Headlights, turn signals, etc have been wired up. These new headlights are going work very nicely.

Suspension mods are under way. We’ve added a 2″ lift and made other tweaks to ensure the suspension has clearance.

Brake lines have been run and routed to the Master Cylinder. The booster and M/C were mounted to the firewall. The proportioning valve bracket needed to be mocked up and fabricated. This truck has so many custom mechanical bits that each sub-system needs special TLC.

The AC system has arrived and is yet another custom install. Vintage Air have many systems and can generally be added to these older vehicles.

The driveshaft proved to be too short so we had to get a new one built.

The e-brake needed to be installed which included running the cable and connecting the pedal.

Wiring for the 4×4 actuation controller was needed.

Brakes were also in need of replacement or rework.

The interior needed to be sourced and fitted. Our client chose an exterior color (shown below) along with the interior color. We recommended a marine-grade vinyl as it will hold up to the rigors of an open truck like this one. Our client has a few kids and this Scout will be headed to the beach frequently so it needed to be durable. We’ve used this material in the past and it actually has a very nice finish and feel to it. The pleated design we landed on will also be easy to clean yet look much better than the flat seat designs that were stock on trucks of this era.

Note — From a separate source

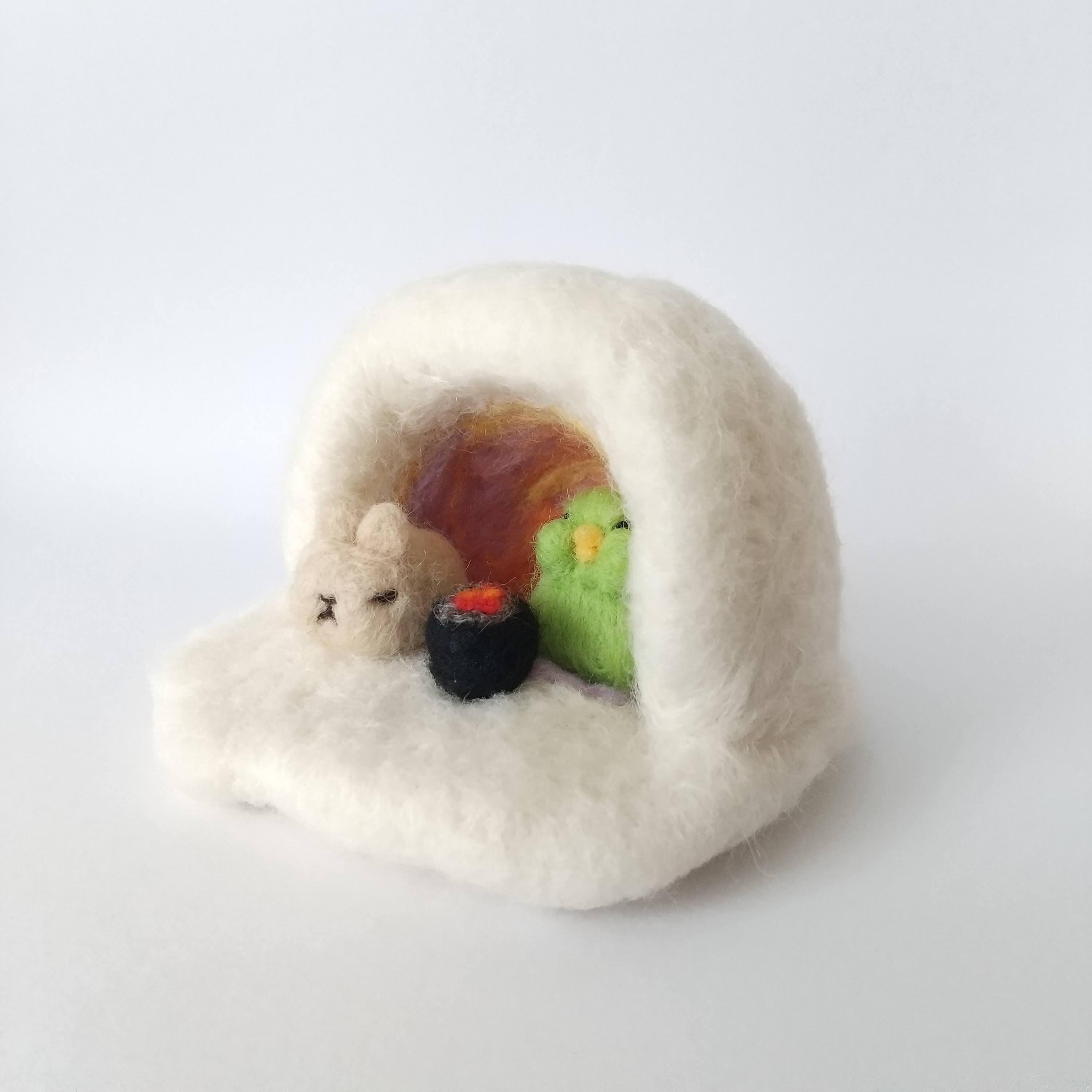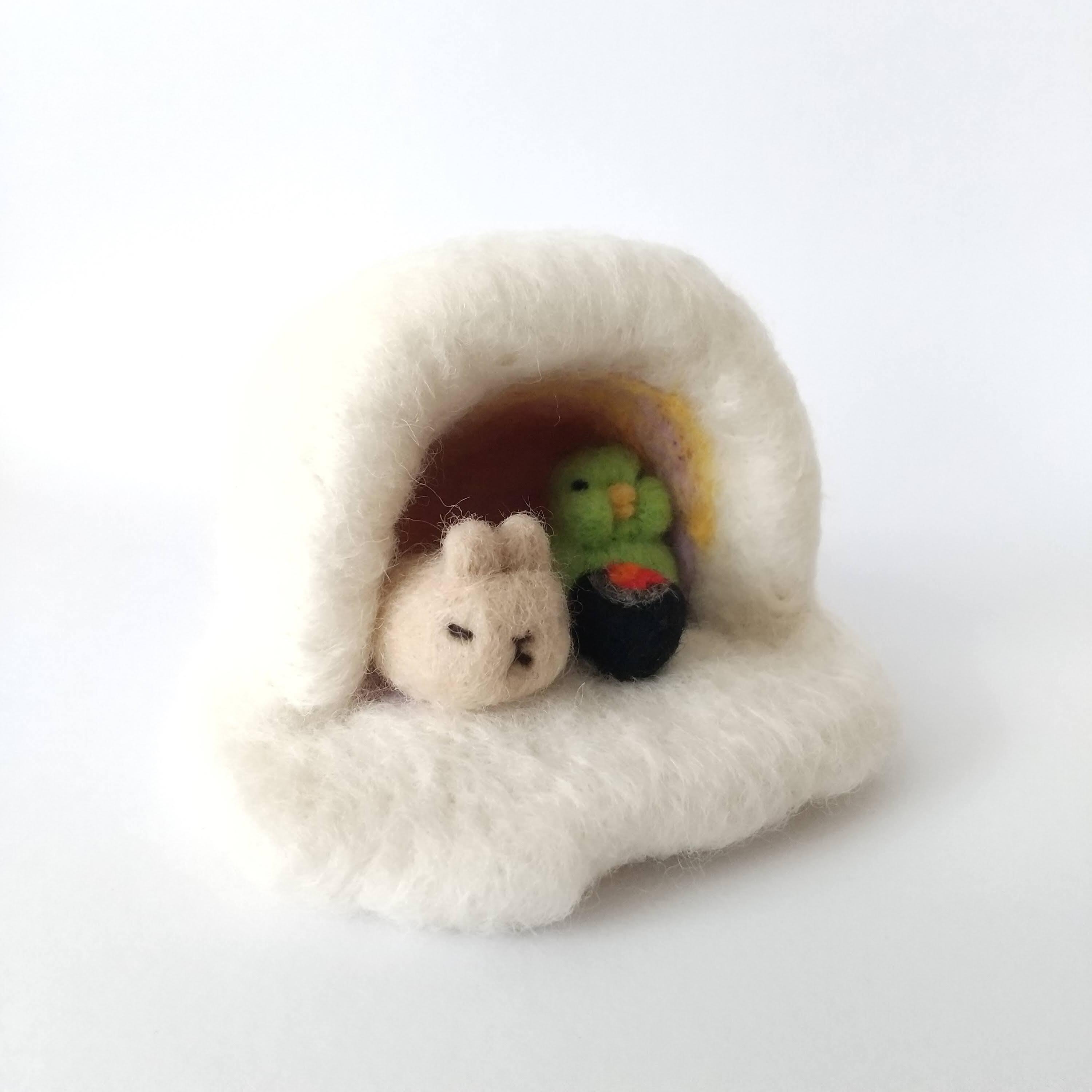 羊毛フエルト ウサコフ&太 かまくらで火鉢

Flares were fitted. The doors took some effort but are lining up nicely. The body is going in for paint. The flares will be painted gloss black along with the cage.

We have been fitting side sill rockers to help aid in getting in and out of the truck. Originally we planned to install retracting side steps but the frame is a shortened Suburban frame that ultimately has a few suspension components that were in the way. A fixed step will work fine and frankly will look appropriate. They are shown below getting primered. They will be finished in black so they disappear.

The progression of painting process is always interesting. Using the correct sealers, primers, base coat and clear makes for a quality paint job.

The body was painted in a really great shade of blue called Concord Blue. I’m sure out in the sun it will be stunning. The tan/caramel interior will be complemented by a creme colored grill and door panels. The colors are all period correct but used in a novel combination. The dash will be black with the panel supporting the gauges in Concord Blue. The steering wheel is wood and will get refinished and should look fantastic.

The cage was painted in a gloss black along with the fender flares. The amount of masking and remasking to paint each color takes a lot time as well.

Plenty of other misc parts needed paint. We are in the final stages of getting the Scout completed. Of course, the devil is in the details and the amount of time it takes at this stage can be daunting.

Assembly including windshield install is underway. It is especially satisfying to see the Scout come together as it has been in pieces for so long.

The Scout had a cage installed when it came to us. We’ve made some fixes to it but also had to adjust certain stock parts to fit around it. The dash cover along with the passenger side door panels all need a bit of relief to get them to fit correctly.

We were close enough to assemble the car for a client viewing. We still have plenty of details that need to get finished but getting some more feedback from our client was important at this stage. The client and his family came out to see the car and were very excited. We got the feedback we needed to get back to work on the final details.